Radio now pays the bills but Norris's abiding interest is terrorism.  "If it [the conviction] didn't happen I would either be working for a government agency or consulting with one or more. Whatever route I took I'd be trying to help our anti terrorism efforts."

It's a miracle, he says, we haven't suffered another big attack.  "We're relying on a Dutch photographer to save a plane.  We're relying on two T-shirt salesmen in Time Square to save lives because they saw a smoking car.  And then to go on television and say, 'See, the system works,' no, it doesn't.  It's an example of how you failed, we were lucky."

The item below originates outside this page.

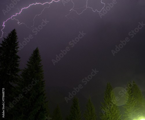Night Landscape Silhouette Of Pine Forest In Which Profile

Norris advocates the same command structure and management philosophy to fight terrorism that al-Qaeda uses to produce it.  They centralize the decision making and decentralize the execution.  Norris believes that intelligence gathering and evidence building should be handled centrally, by the CIA and the FBI, and that the actual execution of the operation, the tracking down and apprehension of terrorist suspects, should be carried out by local law enforcement.  "I've experienced so much in this one particular field," says Norris, "that I have a unique perspective because, the fact is, this war is being fought and it will be fought on American streets and who defends American streets?  The police and the sheriff's departments and the state troopers and that's who you've gotta' tap into and, despite what people say, they're not fully involved in the fight.  Terrorism is a new type of warfare.  Small arms fire, it's asymmetrical, akin to a police action."

DiBaigio was elated when Norris took the plea.  "We deserve better" he said, "We deserve public officials who are both effective and honest. The only way to get from here to there is a policy of zero tolerance, backed up by an unyielding commitment and intractable belief that the rules apply to everyone."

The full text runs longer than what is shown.